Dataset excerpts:
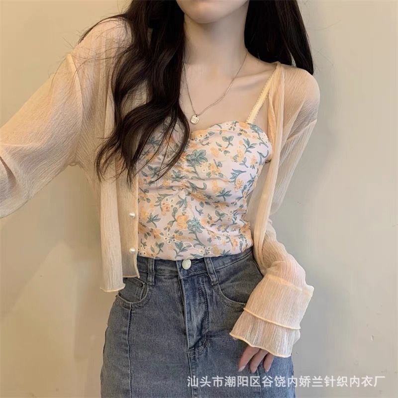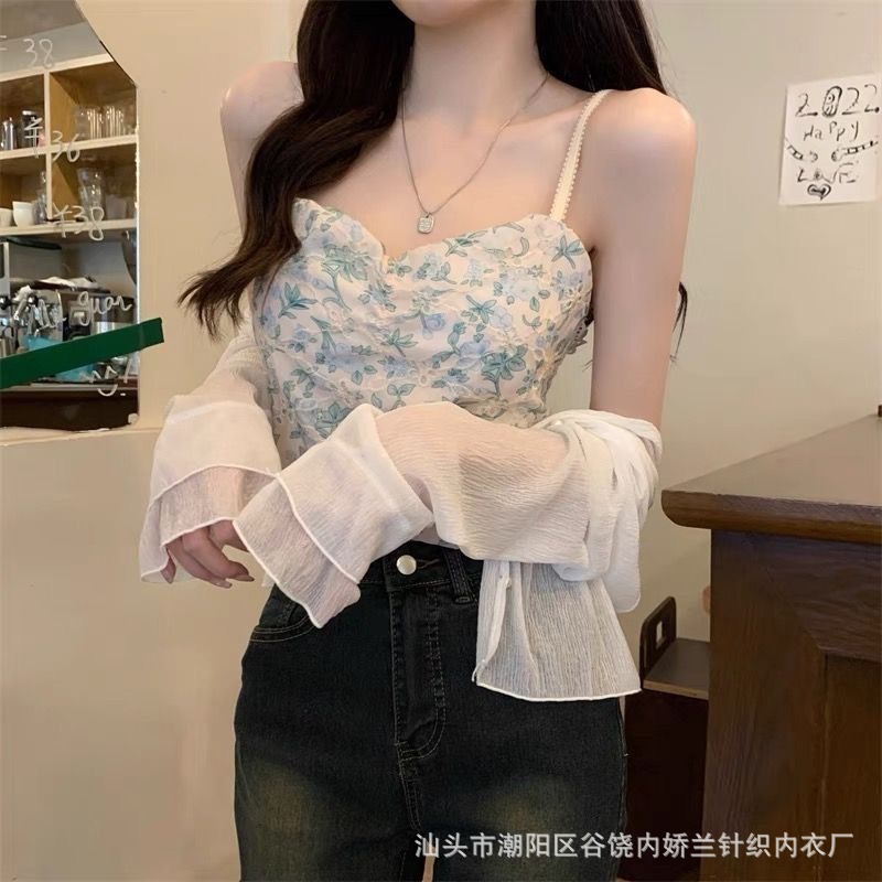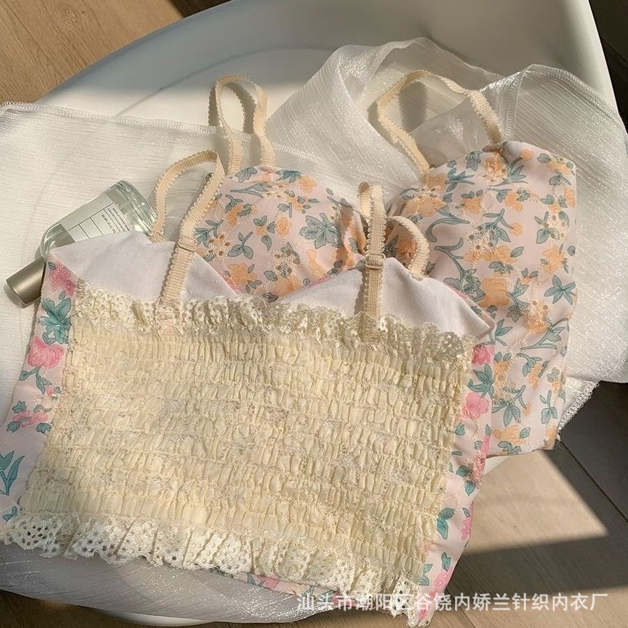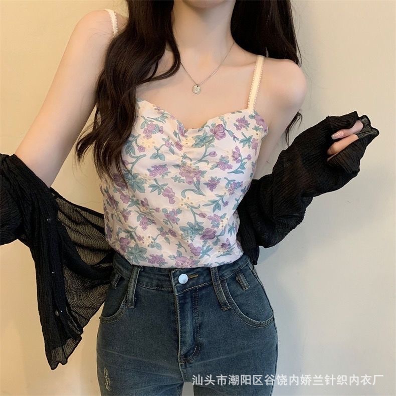 가슴 패드와 여성의 꽃 캐미솔 여름 달콤한 섹시한 뜨거운 소녀 순수한 욕망 짧은 올 매치 얇은 탑스토어 가기
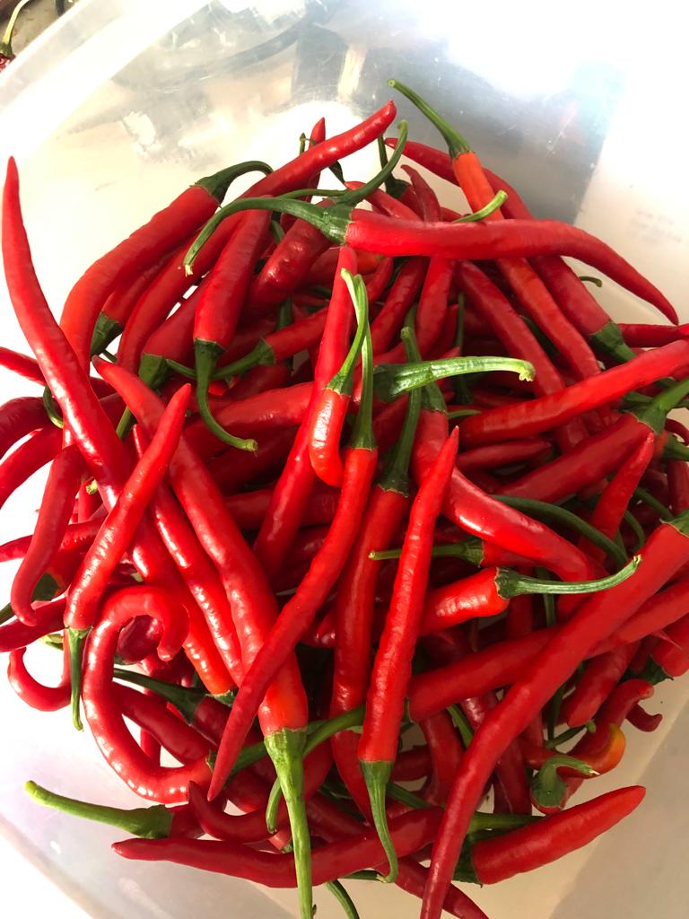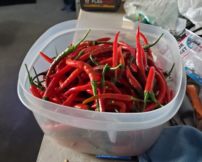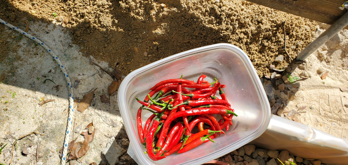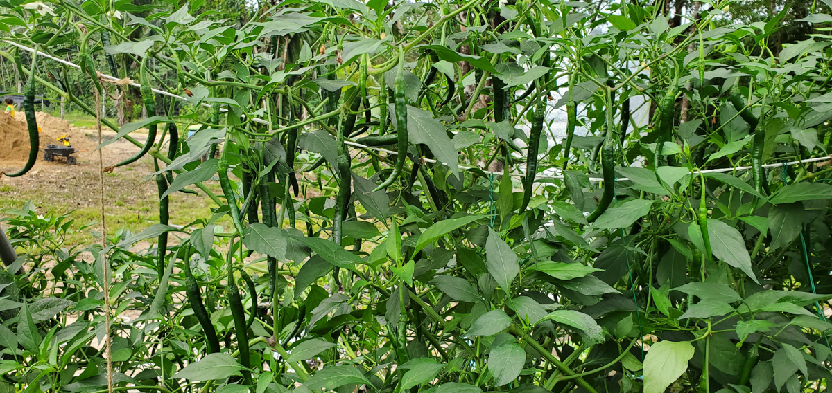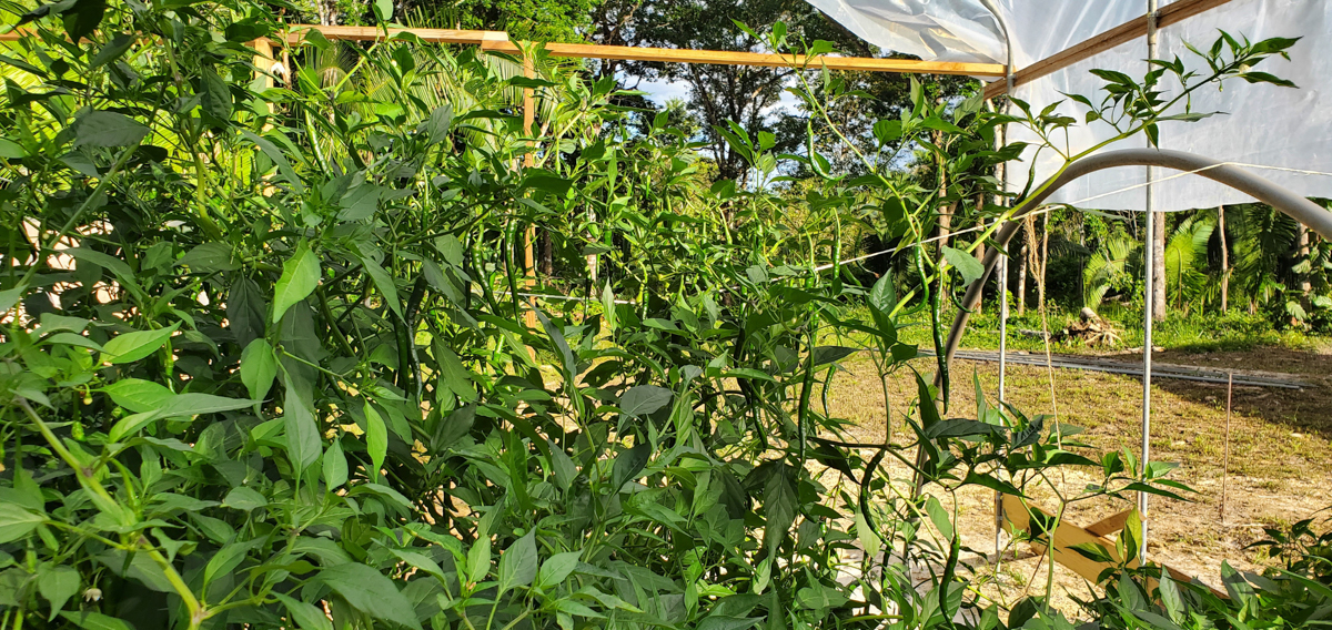 Well, I wasn't expecting the Cayenne pepper plants to get as big as they are or produce as much as they are, but I'm extremely happy with the results. All nine plants have produced over 20 pounds of peppers combined. I should have taken photos of each harvested pound, but I wasn't thinking about it. One of the plants didn't do well in this past month, and I had to prune it heavily. I found broken branches within it. I think it was due to the weight of all the peppers it produced. I thought I had enough support for it, but I did not.
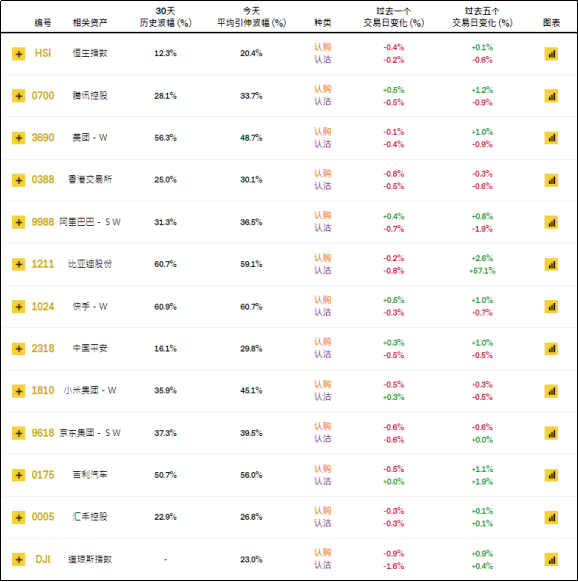周二恒指相关权证的平均引伸波幅报约20.4%。个股方面,港交所、京东相关认购证的引伸波幅按日小幅调升;相反,道琼斯指数、比亚迪股份相关认沽证的引伸波幅则按日小幅调降。
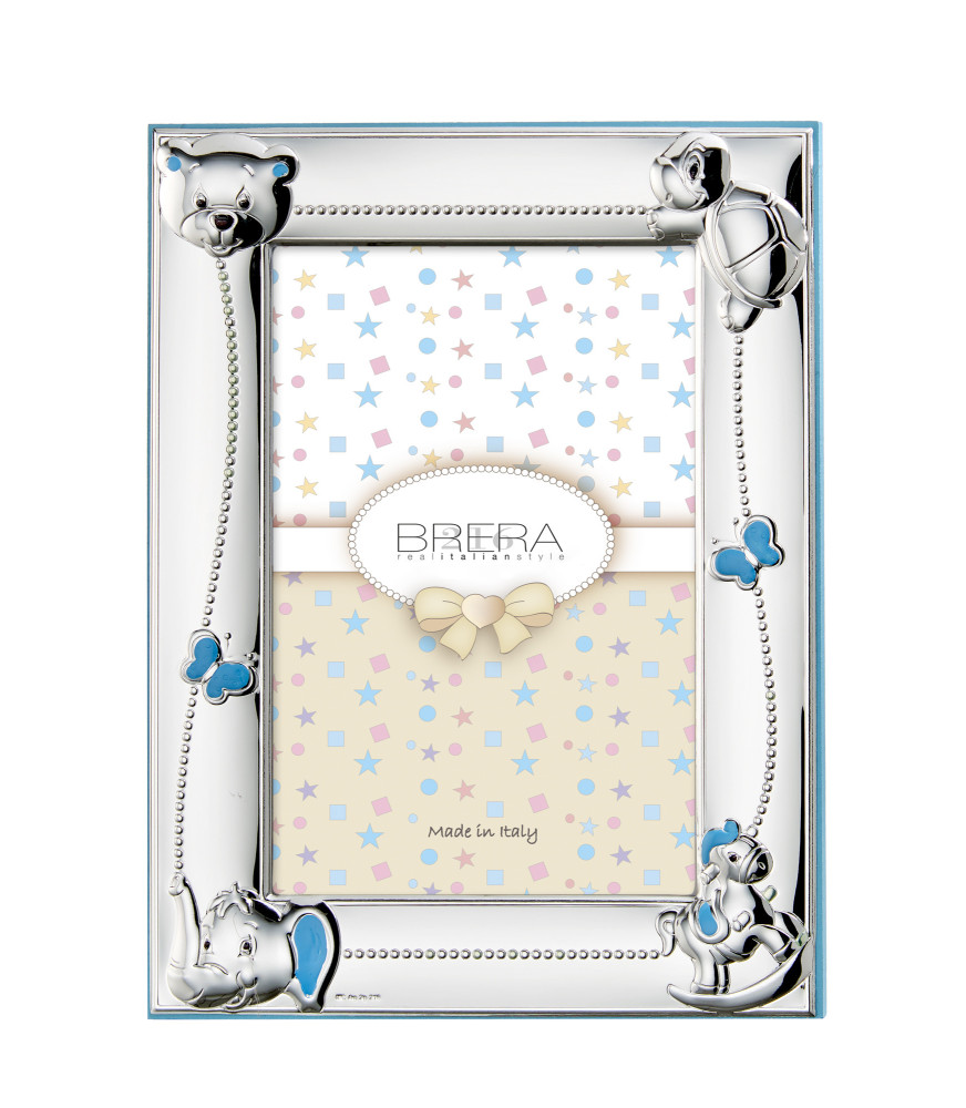 Marco de plata bilaminada en plata de 925 milésimas con varias figuritas en las esquinas del marco: la cabeza de un oso, una tortuga, la cabeza de un elefante y un caballo con una mecedora, base en madera de color celeste o rosa.
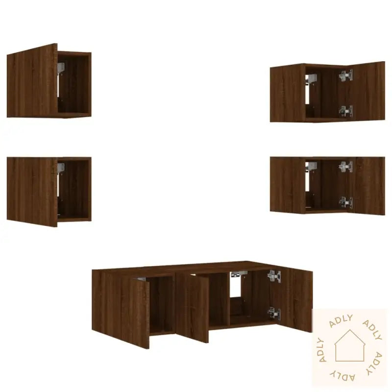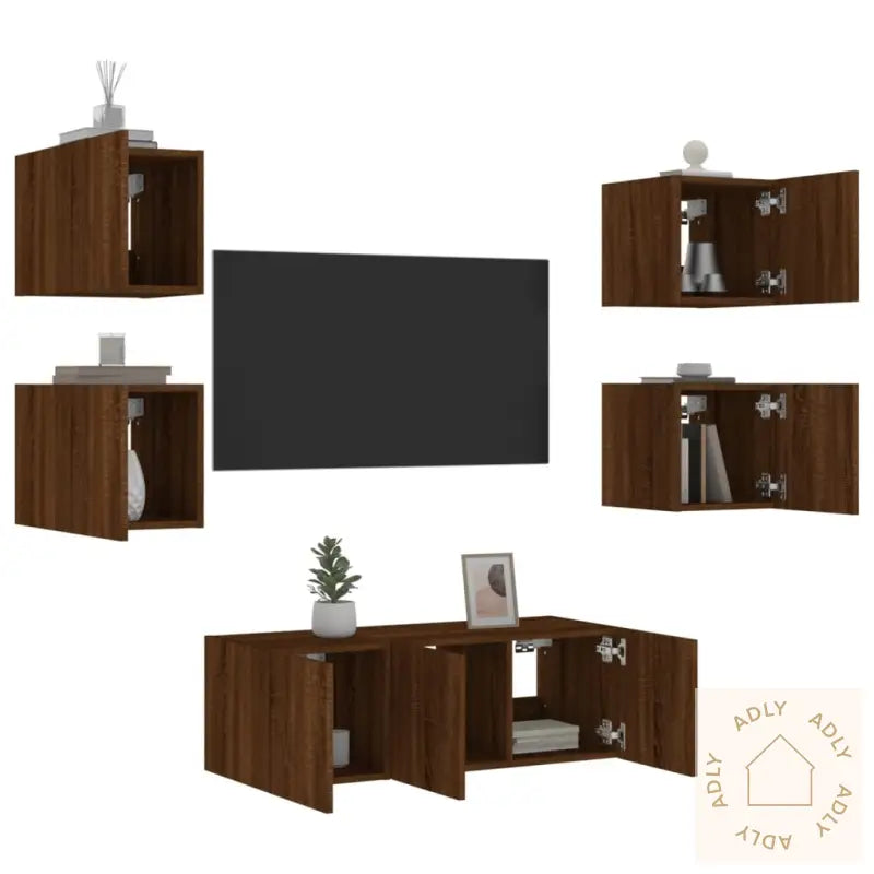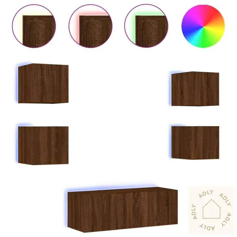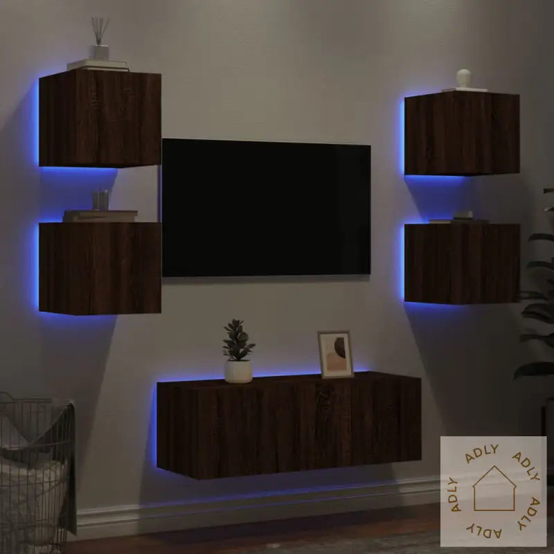 Det konstruerte treverket som er brukt i disse modulene, har en robust konstruksjon og pen finish. Materialet er holdbart og motstandsdyktig mot fuktighet, noe som sikrer lang levetid og stabilitet – perfekt for både små og store familier.Med innebygde RGB LED-lys får du levende belysning og kan enkelt endre stemningen i rommet etter eget ønske. Velg blant forskjellige farger og lysjusteringer med tilpassbare menyer, slik at ditt veggskap ikke bare oppbevarer ting, men også gir et trendy løft til stua eller arbeidsplassen. RGB LED-lysene gjør at veggskapet skiller seg ut og gir møblene et moderne preg.Takket være sitt veggmonterte design frigjør disse TV-enhetene gulvflate, og du kan plassere dem akkurat der de passer best. Det bidrar til å holde rommet mer oversiktlig og gir deg større fleksibilitet når du innreder.Med god lagringsplass bak diskret dører og åpne hyller kan du enkelt organisere bøker, DVD-er, magasiner, medieutstyr og andre småting. Alt har sin faste plass, lett tilgjengelig samtidig som det ser ryddig ut.Enhetene er allsidige og kan brukes både som TV-benk og til oppbevaring på kontoret eller andre steder der du ønsker mer system. De gjør en tom vegg om til en funksjonell og dekorativ del av interiøret, der alt fra verktøy til pynt finner sin plass.Godt å vite:
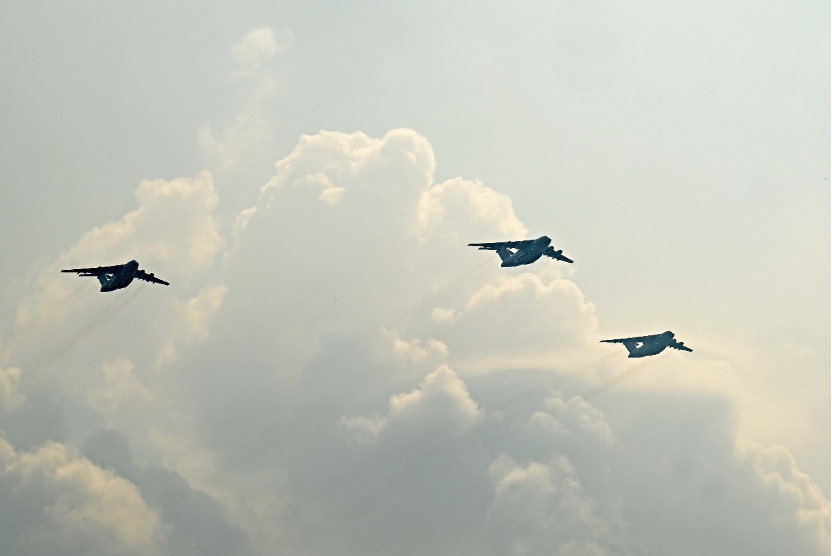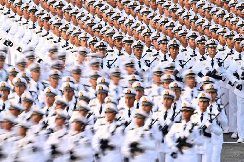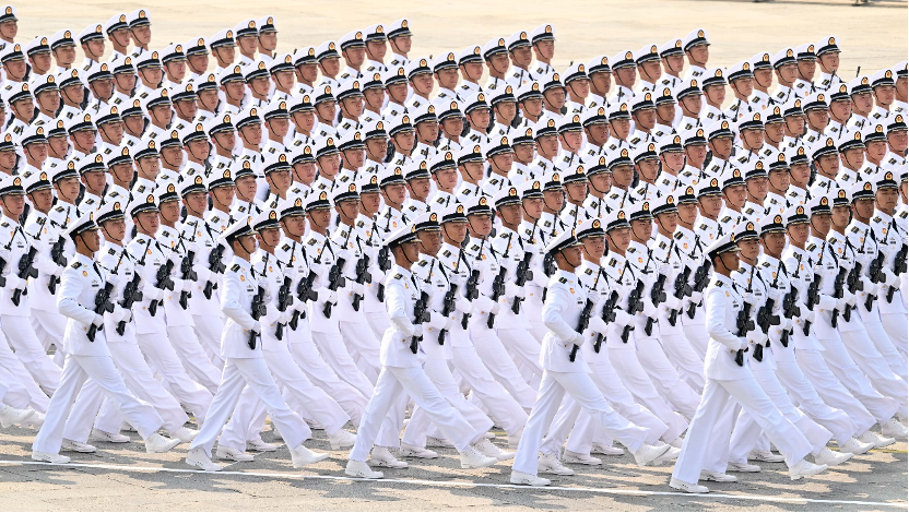 海軍方隊(duì)在正式閱兵前的最后一次訓(xùn)練。

*PROBLEM*:
Retype the entries above exactly, starting at their first line and ending with the line that holds "周二恒指相关权证的平均引伸波"; pictures stay out.

*EXERCISE OUTPUT*:
 가슴 패드와 여성의 꽃 캐미솔 여름 달콤한 섹시한 뜨거운 소녀 순수한 욕망 짧은 올 매치 얇은 탑스토어 가기
 Well, I wasn't expecting the Cayenne pepper plants to get as big as they are or produce as much as they are, but I'm extremely happy with the results. All nine plants have produced over 20 pounds of peppers combined. I should have taken photos of each harvested pound, but I wasn't thinking about it. One of the plants didn't do well in this past month, and I had to prune it heavily. I found broken branches within it. I think it was due to the weight of all the peppers it produced. I thought I had enough support for it, but I did not.
周二恒指相关权证的平均引伸波幅报约20.4%。个股方面,港交所、京东相关认购证的引伸波幅按日小幅调升;相反,道琼斯指数、比亚迪股份相关认沽证的引伸波幅则按日小幅调降。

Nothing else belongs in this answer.